Data to process Start Marker
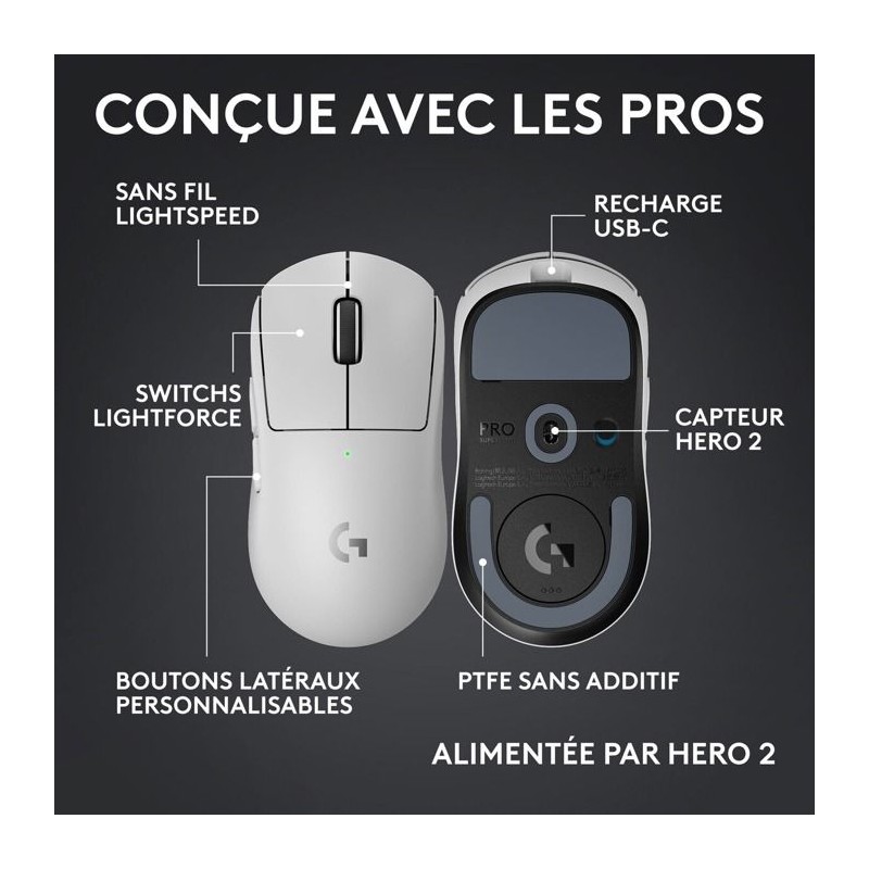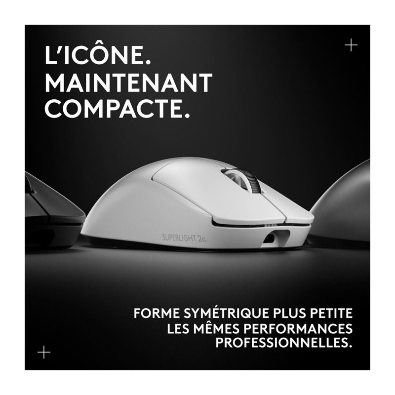 La souris gaming sans fil Logitech G PRO X Superlight 2c est une souris ultra-légere axée sur les performances, pour ceux qui préferent une forme de souris plus compacte en raison de la taille de leur main ou de leur style de prise en main.
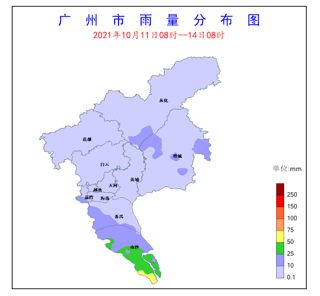 降水小:全市除南沙區有中到大雨局部暴雨外,其余各區以小雨降水為主,南沙區萬頃沙鎮錄得全市最大過程累積降水58.4毫米。降水主要集中在12日夜間至13日夜間,全市平均雨量8.9毫米(小雨量級)。
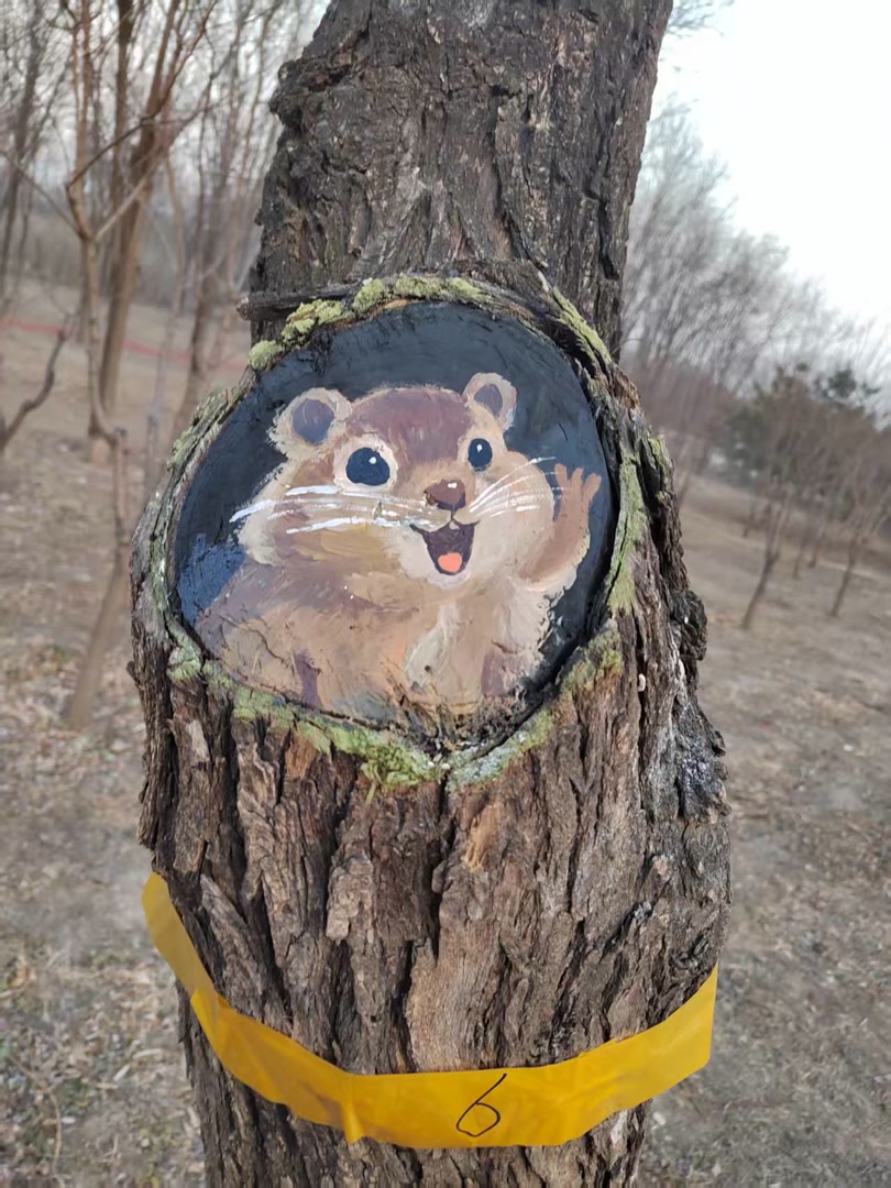 12月27日至28日,“树洞里的生命——遇见南森小伙伴”主题彩绘活动在这里举行,30余棵老树树洞“住进”小动物,为冬日的公园注入一抹活泼生机。
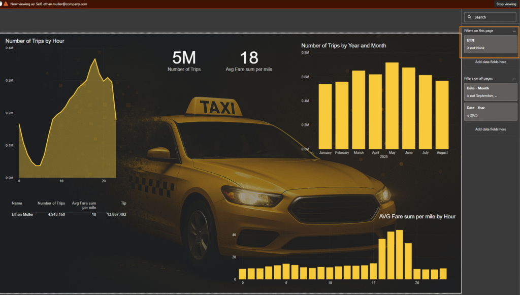 Why does this work? Well because Ethan is only allowed to see 1 row in the RLS table, and that’s the row corresponding to his UPN. Only one user in the dUser will have a value in the RLS table related to it, all the others will be blank and due to our Page filter, these users now disappear.
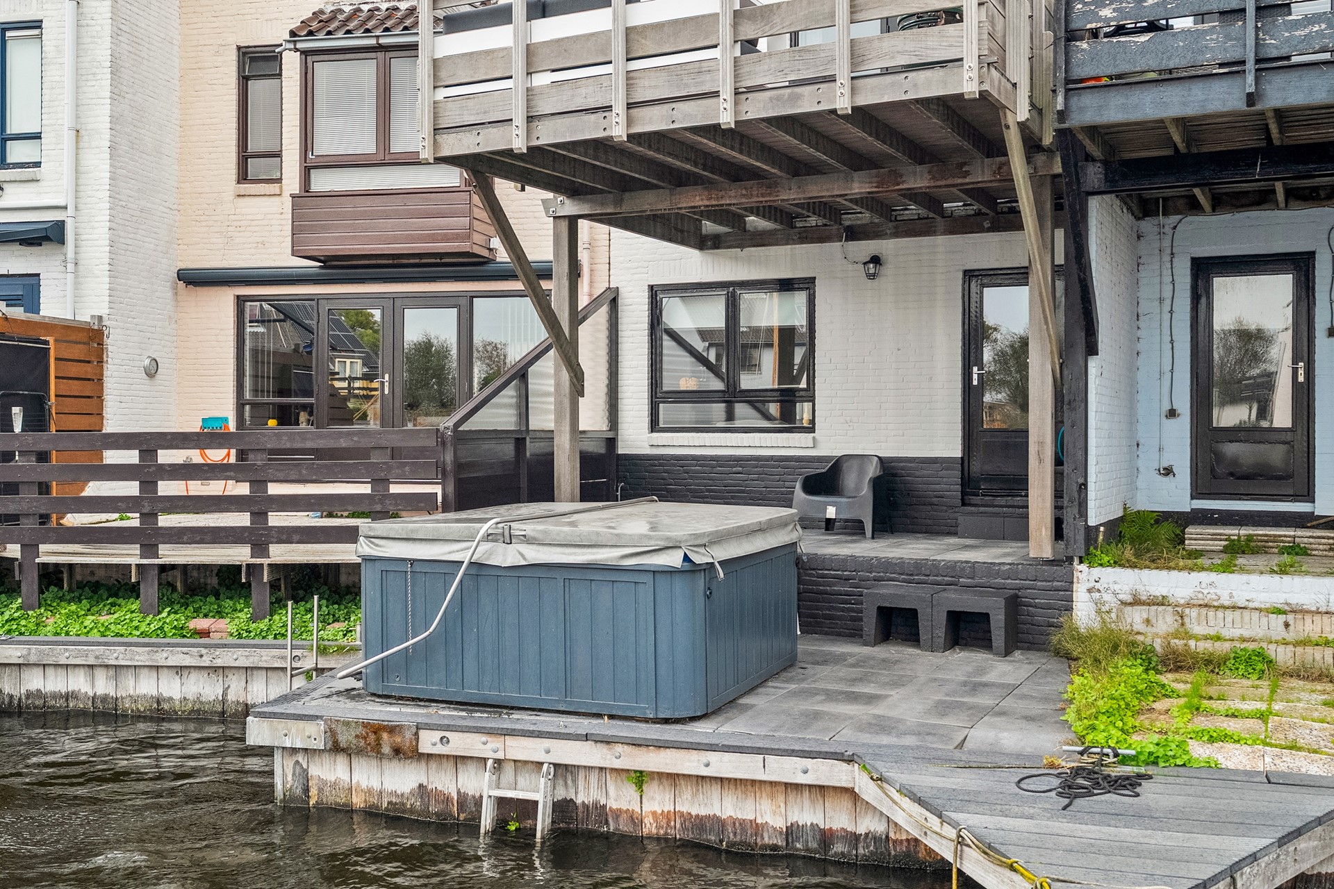 Wonen aan het water geeft je het gevoel van vrijheid en recreatie, ieder jaargetijde biedt een ander uitzicht en beleving. Het terras op de begane grond en op de eerste verdieping helpt daarbij. Een geweldige zonligging. Zuidwest. Kijkend over het water.
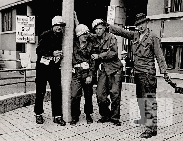 Četri vīri pie staba Štutgartē (amerikāņu zonā) blakus kontrolpunktam ap 1948. gadu. Aiz viņiem kreisajā pusē redzams uzraksts vācu un angļu valodā. Angliski rakstīts: "Stop! All Drivers must show Trip Tickets". No kreisās: Gunārs Zariņš, Jānis Ûdris, Arnolds Zone un nezināms.
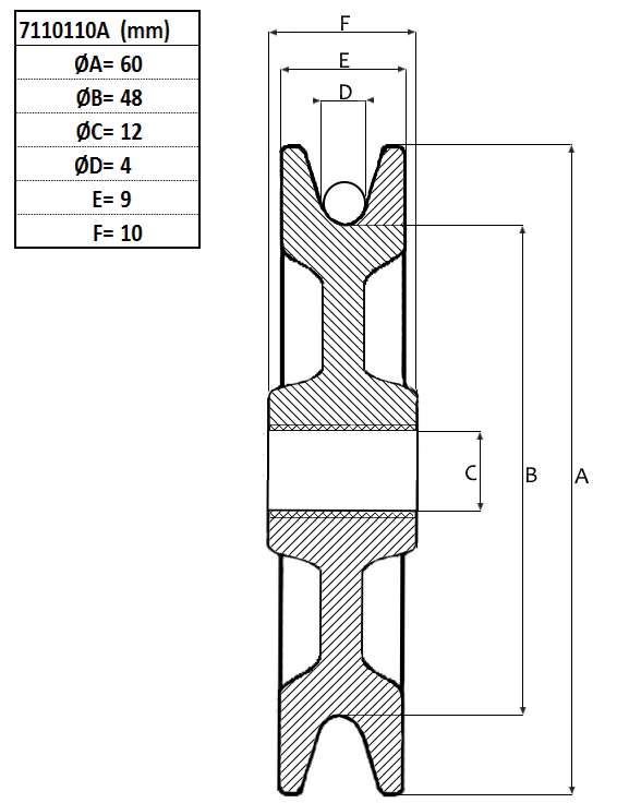 SVEROs plain bearing pulley wheel with Ø 60 mm. Weighs only 0.2 kg
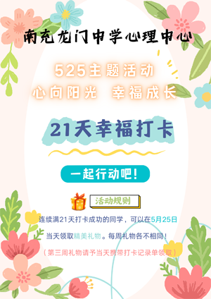 为广泛宣传与普及心理健康知识,丰富学生校园文化活动,进一步推进学校心理健康教育工作,促进学生健康阳光成长,近日来,南充龙门中学开展了“5.25”心理健康月系列活动。
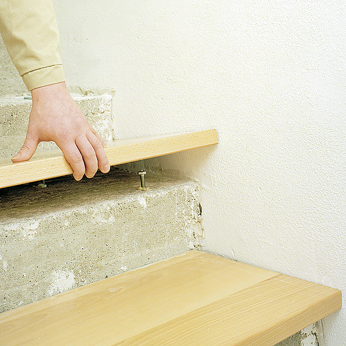 Eventuell eine Trittschalldämmung aufbringen. In die Bohrungen ein wenig KNAPP®-Kleber PM+ einbringen und die Stufe aufsetzen.
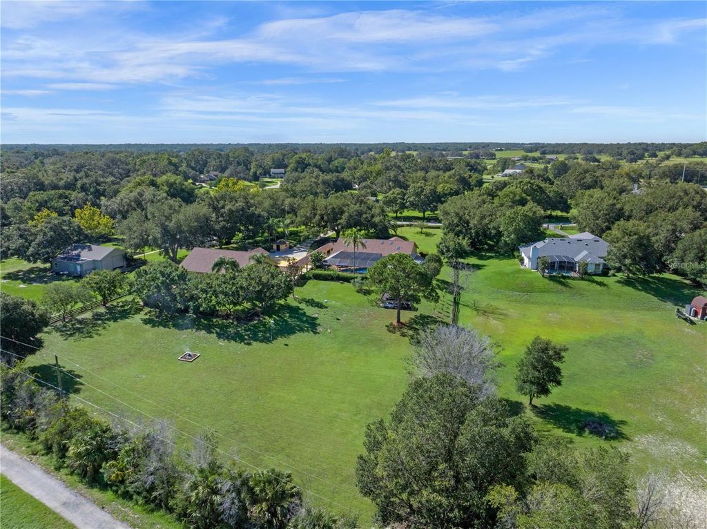 Welcome to 32133 Wolf Branch Lane - a breathtaking custom-built Mediterranean estate set on 2.55 acres in the desirable town of Sorrento. Proudly maintained by its original owners, this exceptional home offers 4 bedrooms, 4.5 baths, a resort-style saltwater pool, and a massive 2,912 Sq. Ft. garage with room for a +/- 45' RV, boat(s), multiple vehicles, toys and more. As you enter the property through the elegant iron gate, you're immediately struck by the perfectly manicured grounds and a majestic 100-year-old oak tree, creating an irreplaceable park-like setting. Inside, the open-concept design seamlessly blends the living room, dining area, and chef's kitchen beneath soaring vaulted ceilings"”all with expansive views of the pool. The gourmet kitchen is a true showpiece, featuring a large island with bar seating, custom cabinetry, granite countertops, GE Monogram appliances, butler's pantry with dual refrigerators, wine cellar, and a cozy breakfast nook overlooking the pool. A large PGT sliding glass door leads to the ultimate backyard oasis: a screened-in retreat with a saltwater solar-heated pool, gas-heated spa, spacious covered lanai with dining and lounging spaces, and a separate gaming/BBQ pavilion. All positioned to capture the incredible sunset views and offering an ideal setup for entertaining and family fun! The luxurious primary suite offers a tranquil seating area with an electric fireplace, pool views, dual walk-in closets, and a spa-like bath with dual vanities and walk-in shower. Three additional spacious bedrooms (two with ensuite baths), two private offices, a mudroom, and a dedicated pool bath complete the interior. The oversized garage/shop is a rare amenity"”featuring four automatic roll-up doors, 400-amp power, dual 50-amp RV/boat hookups, mezzanine storage rooms, and an air-conditioned flex space perfect for a gym or studio. Other Highlights Include- Half Court Basketball Court, Greenhouse, Fenced Garden Area, Newer Roof (2021), Advanced Security System, Irrigation Well, Well/Pump House, Newer Drainfield, Fully Cross Fenced Property and more! Ideally located just minutes from Hwy 429, this estate offers effortless access to all of Central Florida and the charming downtown of Mount Dora, renowned for its shopping, dining, and festivals. An estate with this combination of luxury, space, privacy, security and amenities is truly a rare find. Schedule your private tour today!
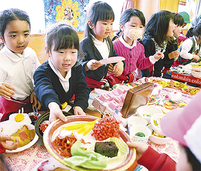 川和町の都筑ヶ丘幼稚園(柏木照正園長)で9日、恒例行事「お店屋さんごっこ」が行われ、未就園児や園児ら約500人が参加した。
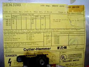 100 Amp. Cutler Hammer, Heavy Duty Safety Switches, 100 HP, 600 VAC, 250 VDC Manufacturer: Cutler Hammer Amps: 100 Stock # DTTC2138-01 Request a Quote 8 For Sale by Genemco Surplus Record Dealer Since 2023 Contact Seller Hearne, TX Erik McMillan 737-25...> Show Seller's Phone Number 737-258-8446 Let the seller know you found their listing on Surplus Record! View More Genemco 's ListingsDescription Cutler-Hammer Heavy Duty Safety Switch- 100 Amp. Max. Hp: 100. Max. power supply: 600 VAC/250 VDC. Stainless steel enclosure. Overall dimensions: 1 ft. L x 8 in. W x 1 ft. 11 in. H. Request More Information from Seller See this Safety Switches listing on Genemco's websiteGet Your Price from Genemco! "*" indicates required fieldsName*Company*Email* PhoneZip / Postal Code*QuestionMake an OfferRequests Send me a shipping quote I am interested in financingSend Copy Email me a confirmation of this inquiryBuyer Protection Use our partner Escrow.com to buy or sell equipment safelyBuyer Protection Send me info about buyer protectionThis field is hidden when viewing the formDealer Email Buyers Who Viewed This Listing Also Viewed … 100 Amp. Siemens type VBII, fusible heavy duty safety switch, 600 VoltsCategory: Safety SwitchesSeller: DH GriffinLocation: Greensboro, NC Mfr: Siemens 100 Amp. Square D #H663AWK, Safety Disconnect Switch, 600 Volts 75HP 6P Type 3R 5 12 EnclCategory: Safety SwitchesSeller: OK Sales IncLocation: Burlington, NC Mfr: Square D 100 Amp. General Electric, Disconnect Switch, THN3363J, 3 Pole, 600 V, 100 HP, Nema 12Category: Safety SwitchesSeller: Powerhouse Systems LlcLocation: Niota, TN Mfr: General Electric 100 Amp. General Electric #10.THN3363SS, Safety Switch, 100 HP, 600 VAC, 250 VDCCategory: Safety SwitchesSeller: GenemcoLocation: Hearne, TX Mfr: General ElectricElectric Safety Switch- 100 Amp. Model: 10. THN3363SS. Max Hp: 100. Max. power supply: 600 VAC/250 VDC. Stainless steel enclosure. Overall dimensions: 1 ft. 3 in. L x 8-1/2 in. W x 2 ft. 2 in. H. 100 Amp. Siemens, Heavy Duty Double Throw Safety Switch, 3/1 phase, 15/40/20 HP, 240 VAC, 250 VDC, Type 1 IndoorCategory: Safety SwitchesSeller: Powerhouse Systems LlcLocation: Niota, TN Mfr: SiemensShare × "*" indicates required fieldsYour Name*Your Email* Recipient's Email* Note to Recipient
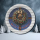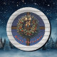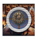 These paper plates have a unique design of a beautiful Christmas wreath with bells hanger on a window seal. There is a snow falling in the background,
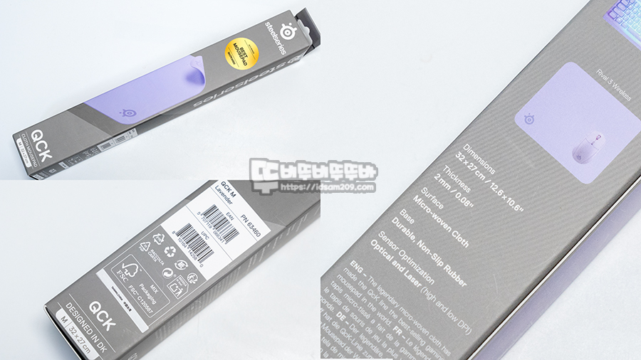 프로게이머들이 15년간 신뢰해 온 QcK 시리즈의 미디엄 사이즈 제품으로 블랙에서 시작해 다양한 컬러와 콜라보 모델까지 확장된 스테디셀러이며 이번 파스텔톤 시리즈는 바닥면 컬러까지 블랙이 아닌 라벤더/아쿠아 컬러가 적용된 것이 특징이네요.
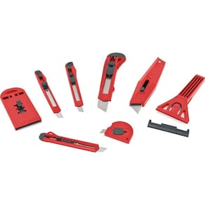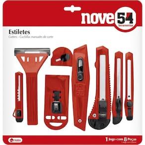 Jogo De Estiletes Cabo Plástico Com 8 Peças - Nove54 Conteúdo da embalagem 1 Jogo de estiletes, composto por 8 peças, sendo: 3 estiletes 9 mm, 1 estilete 18 mm, 1 estilete trapezoidal, 2 raspadores e 1 cortador de papel Aplicações e dicas de uso Indicado para fazer cortes em geral e pequenas raspagens DETALHES TÉCNICOS
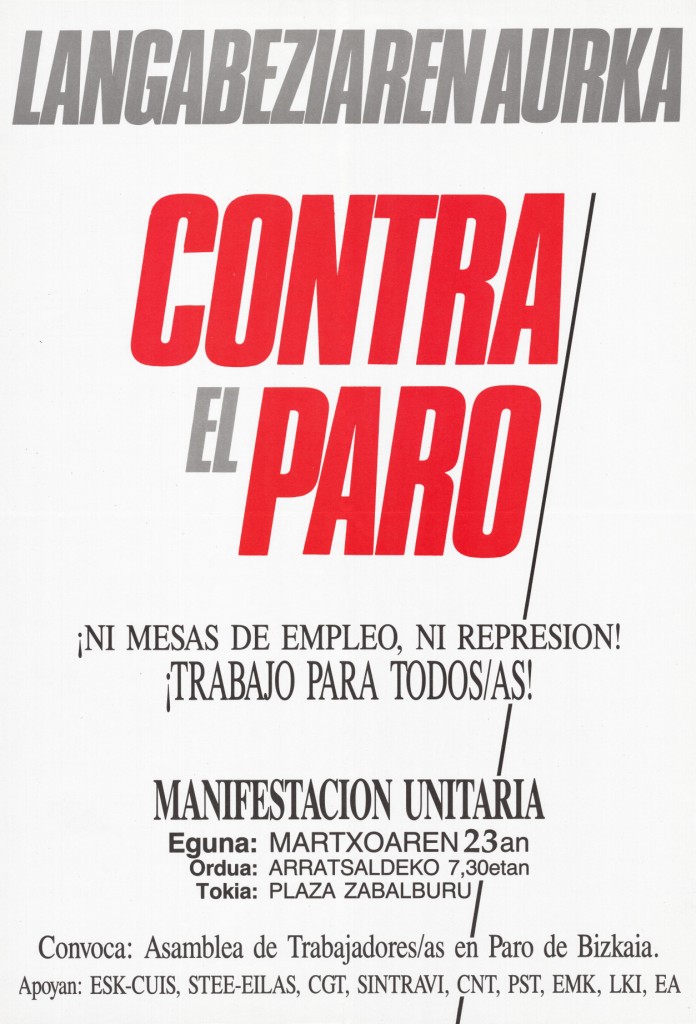 Título: Langabeziaren aurka [Material gráfico] = Contra el paro ¡trabajo para todos-as! : manifestación unitaria...
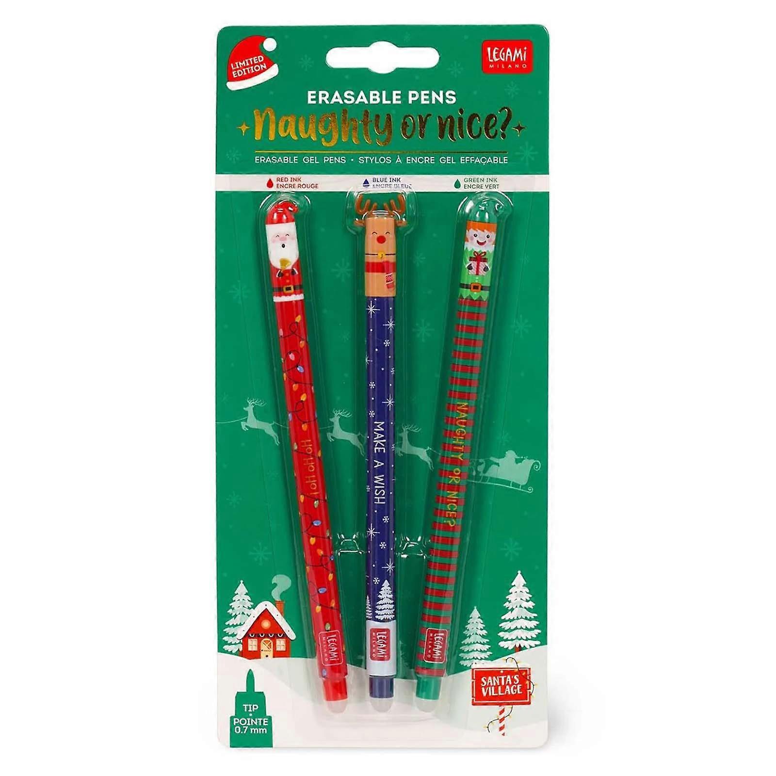 New.Legami.Christmas.Set With 3 Erasable Gel Pens: Santa Claus, Reindeer, Elf
Data to process End Marker
Required action:
An exact transcription is needed of the lines from the one with "降水小:全市除南沙區有中到大" to the one with "Why does this" above, both ends included, with pictures left out.

Answer to the problem:
 降水小:全市除南沙區有中到大雨局部暴雨外,其余各區以小雨降水為主,南沙區萬頃沙鎮錄得全市最大過程累積降水58.4毫米。降水主要集中在12日夜間至13日夜間,全市平均雨量8.9毫米(小雨量級)。
 12月27日至28日,“树洞里的生命——遇见南森小伙伴”主题彩绘活动在这里举行,30余棵老树树洞“住进”小动物,为冬日的公园注入一抹活泼生机。
 Why does this work? Well because Ethan is only allowed to see 1 row in the RLS table, and that’s the row corresponding to his UPN. Only one user in the dUser will have a value in the RLS table related to it, all the others will be blank and due to our Page filter, these users now disappear.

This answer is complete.